ENGE BETEILIGUNG ÖSTERREICHS
Als ESA-Mitglied ist Österreich unmittelbar an der Vorbereitung und Durchführung des COROTProgramms beteiligt. Österreichische Astronomen konstruieren gemeinsam mit dem Grazer Institut für
Weltraumforschung wesentliche Teile der Satellitenelektronik und spielen eine wichtige Rolle bei der
Auswahl der zu beobachtenden Sterne. Die Analyse des gewonnenen Datenmaterials wird zu einem
Gutteil am Wiener Institut für Astronomie erfolgen.
AUSSERIRDISCHES LEBEN?
Obwohl sicher ist, dass mit Projekten wie COROT schon in naher Zukunft sehr viele Planeten bei
anderen Sternen entdeckt werden, ist der Nachweis von Leben auf diesen Planeten ungleich
schwieriger. Dabei ist zu bedenken, dass die Planeten zunächst nur indirekt beobachtbar sind und
durch ihre enormen Entfernungen nicht wie der Mars oder Jupiter direkt fotografiert werden können.

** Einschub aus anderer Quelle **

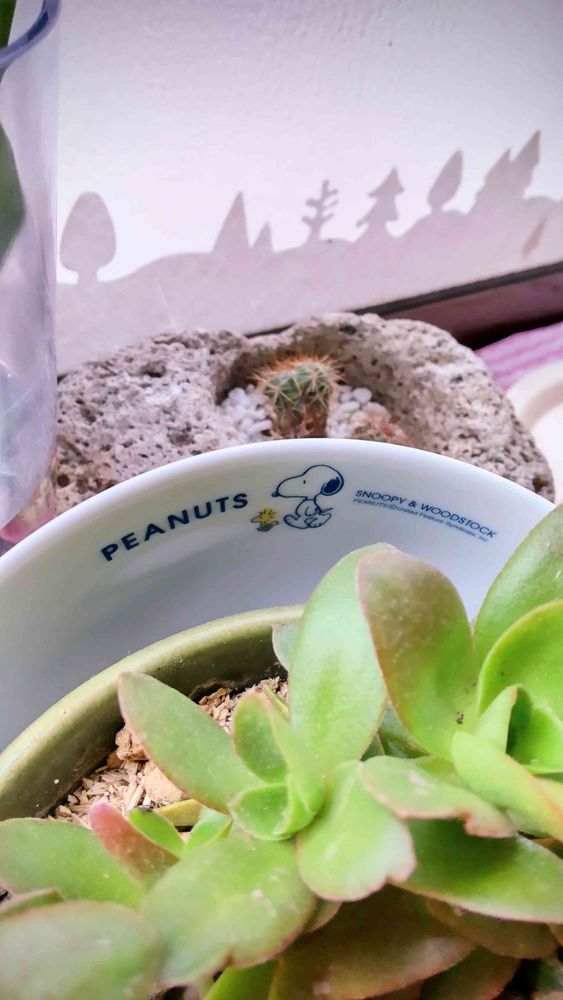 窓際にあった鉢受けが、スヌーピーでした☺️💕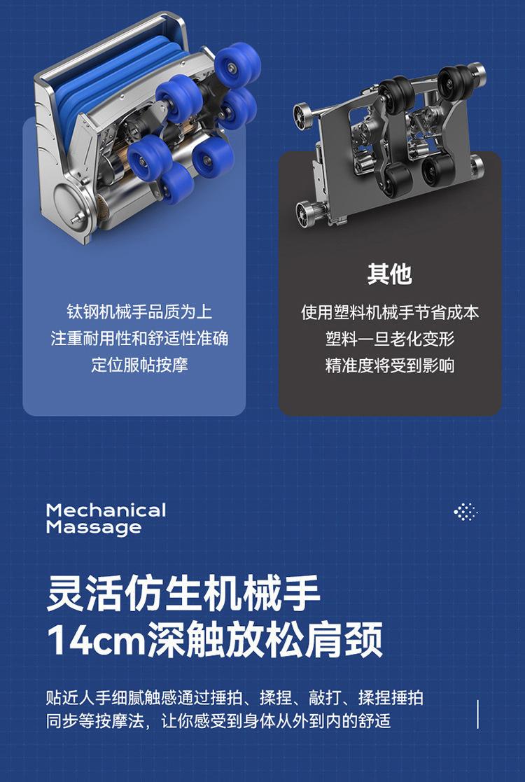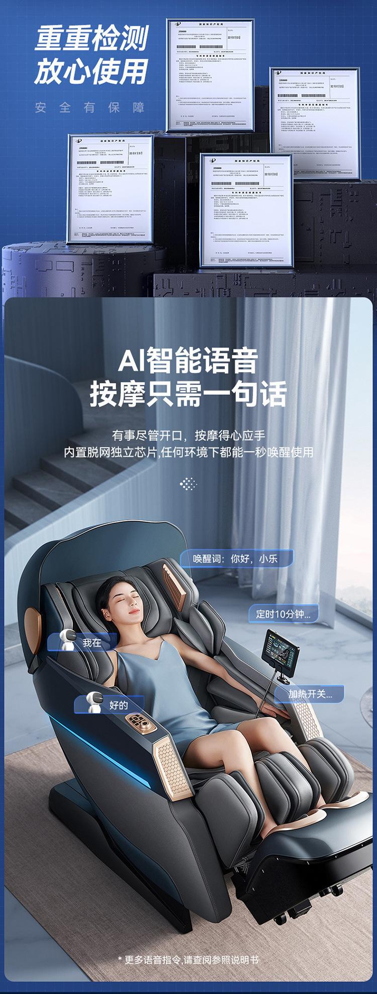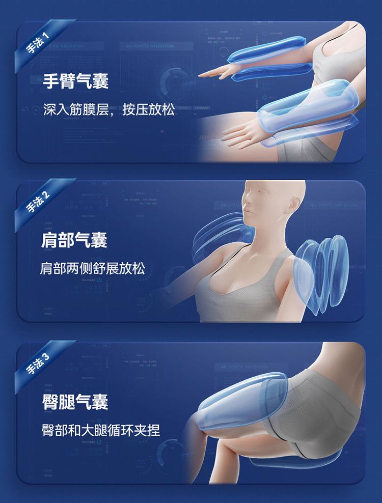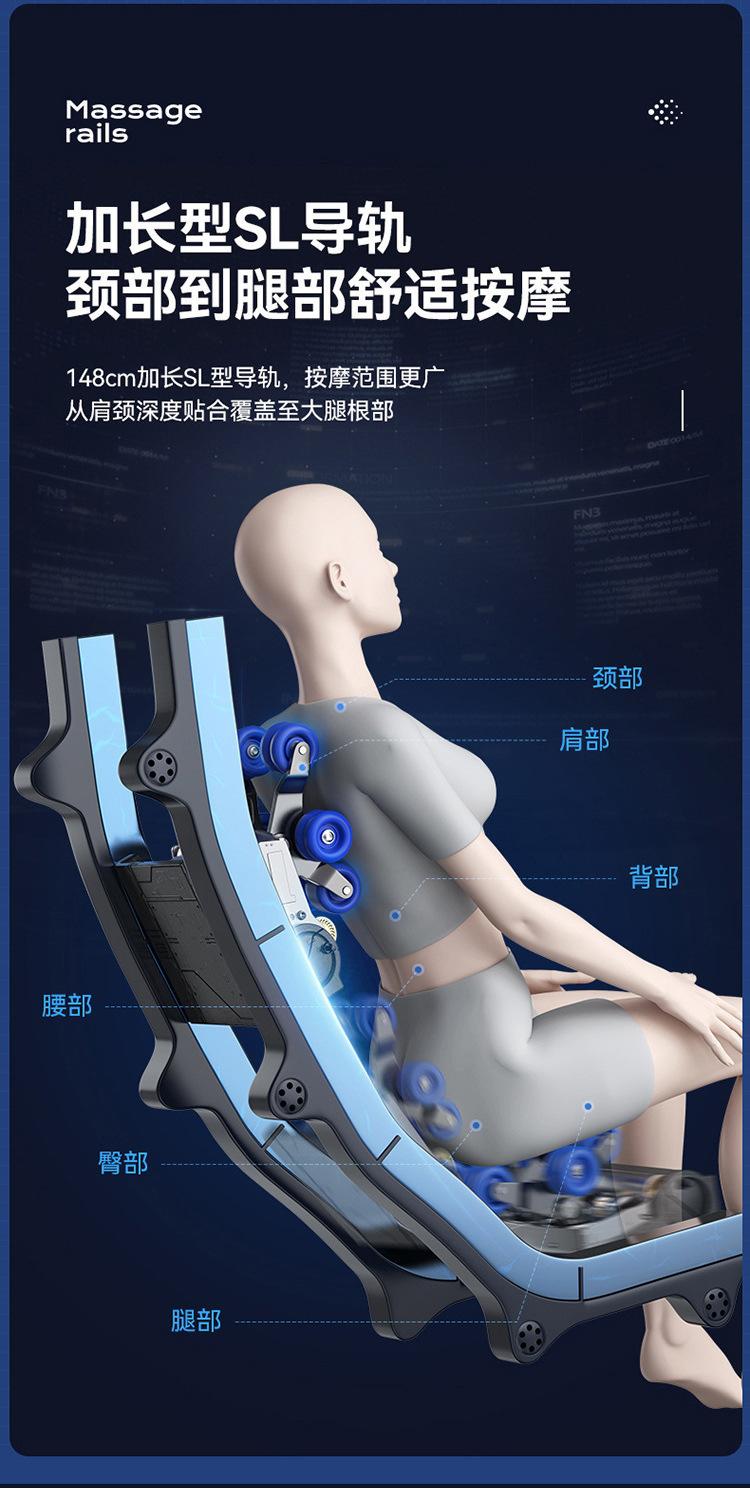 S400 technology blue + 3d movement + negative ions + top waist stretch + sleep head compartment + supercar central control + electric legs + ai physical examination + lcd screen

Die Astronomen müssen sich daher zunächst auf Berechnungen beschränken, die aus der Größe, der
Bahn um den Zentralstern sowie der Temperatur an der Oberfläche eine Wahrscheinlichkeit für die
Entstehung von Leben ableiten. Planeten mit einer hohen „Lebens-Wahrscheinlichkeit“ können dann
mit besser ausgerüsteten Satelliten gezielt untersucht werden. Bis dahin dürfen sich die Astronomen
immerhin über etwas freuen, wovon William Herschel, der Entdecker des Planeten Uranus, nur
träumen konnte; und zwar in jeder Woche ein paar neue Planeten entdecken zu können.